Stored items:
__________________________________________________

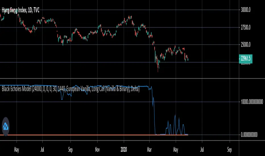 The Black-Scholes model is a mathematical model used for pricing options. From this model you can derive the theoretical fair value of a European option (an option where you have to wait until expiry to exercise). Additionally, you can derive various risk parameters called Greeks. This indicator includes three types of data: Theoretical Option Price (blue), the Greeks (green), and implied volatility (red); their values are presented in that order.
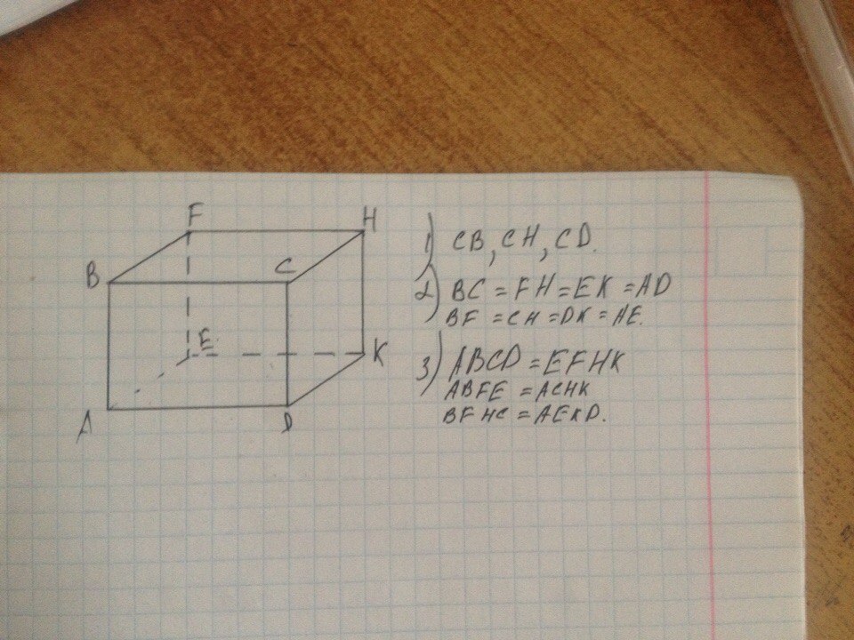Начертите параллелепипед AEKDBFHC.Выпишете: 1)ребра, выходящие из вершины C; 2) равные ребра; 3) равные грани ПРОШУ СОРЧНО НАДО
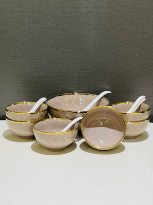 Enhance your dining experience with our elegant Soup Set. Made from high-quality ceramic material, each piece features a luxurious golden border. The set includes 14 pieces, perfect for family dinners or special occasions. Elevate your table setting and impress your guests with this stunning and functional soup set.
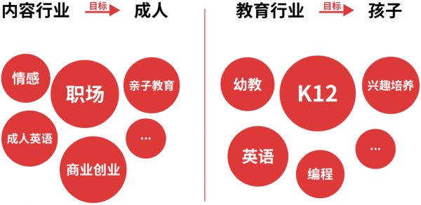 一类的用户是“孩子”,从幼教,到K12,到兴趣培养,以及英语、编程一类的泛技能养成,为了区分,我们也给它强行命名,叫“教育行业”。
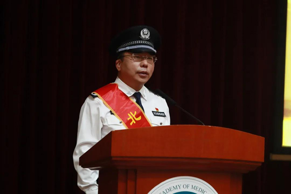 院校党委书记姚建红在致辞中向报告团成员的到来表示热烈欢迎,他指出,学习榜样精神,对于推动学校高质量发展,加快医学科技创新体系的核心基地和双一流建设,具有十分重要的意义。希望全校师生员工向时代楷模、北京榜样学习,从他们的事迹中汲取强大精神力量,切实转化为埋头苦干、奋力拼搏的自觉行动,在日常学习、教学、科研、管理等平凡的工作中,做出不平凡的业绩,以优异成绩迎接中国共产党成立100周年。
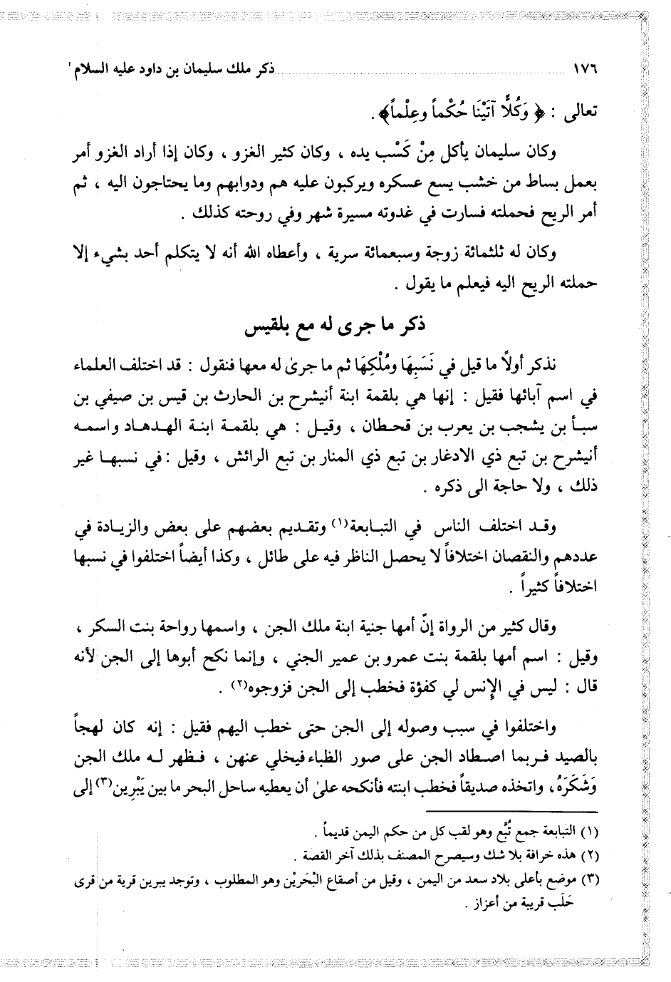 نذكر أولا ما قيل في نسبها وملكها ثم ما جرى له معها فنقول قد اختلف العلماء في اسم آبائها فقيل إنها هي بلقمة ابنة أنيشرح بن الحارث بن قيس بن صيفي بن سبأ بن يشجب بن يعرب بن قحطان وقيل هي بلقمة ابنة الهدهاد واسمه أنيشرح بن تبع ذي الادغار ذي المنار بن تبع الرائش وقيل في نسبها غير ذلك ولا حاجة إلى ذكره
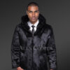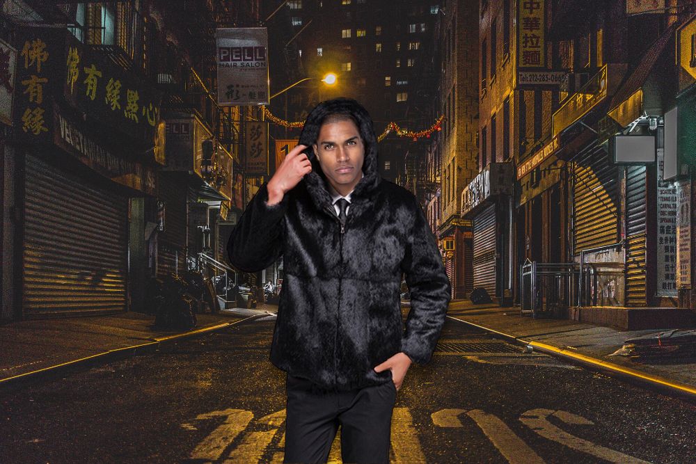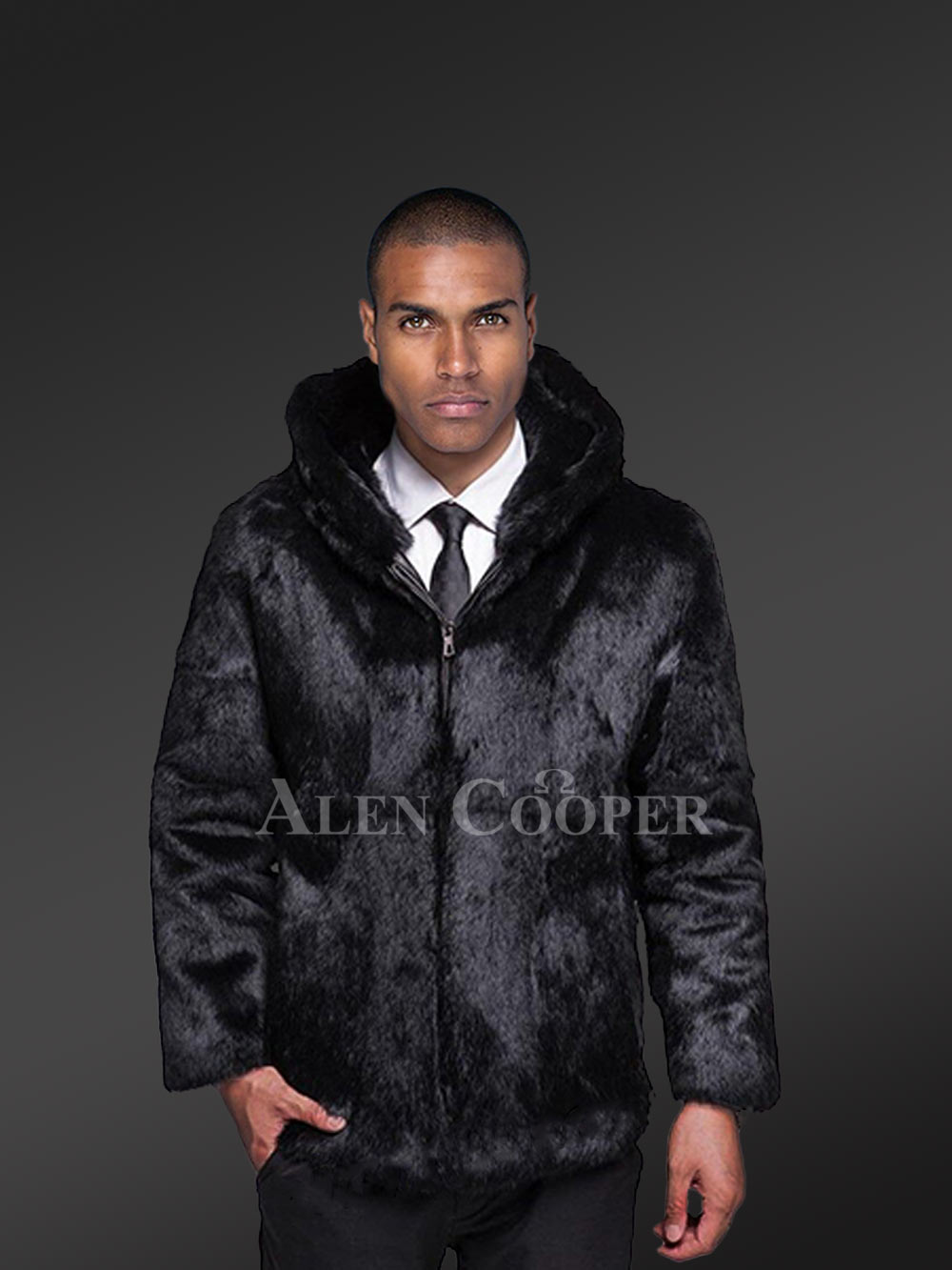 Men’s Authentic Rabbit Fur Coat in Black with Hood

__________________________________________________

AIM OF THE EXERCISE = Give again, word for word, the lines above from the first one through the one containing "Начертите параллелепипед AEKDBFHC.Выпишете: 1)ребра, выходящие"; no pictures.

FINAL ANSWER =
 The Black-Scholes model is a mathematical model used for pricing options. From this model you can derive the theoretical fair value of a European option (an option where you have to wait until expiry to exercise). Additionally, you can derive various risk parameters called Greeks. This indicator includes three types of data: Theoretical Option Price (blue), the Greeks (green), and implied volatility (red); their values are presented in that order.
Начертите параллелепипед AEKDBFHC.Выпишете: 1)ребра, выходящие из вершины C; 2) равные ребра; 3) равные грани ПРОШУ СОРЧНО НАДО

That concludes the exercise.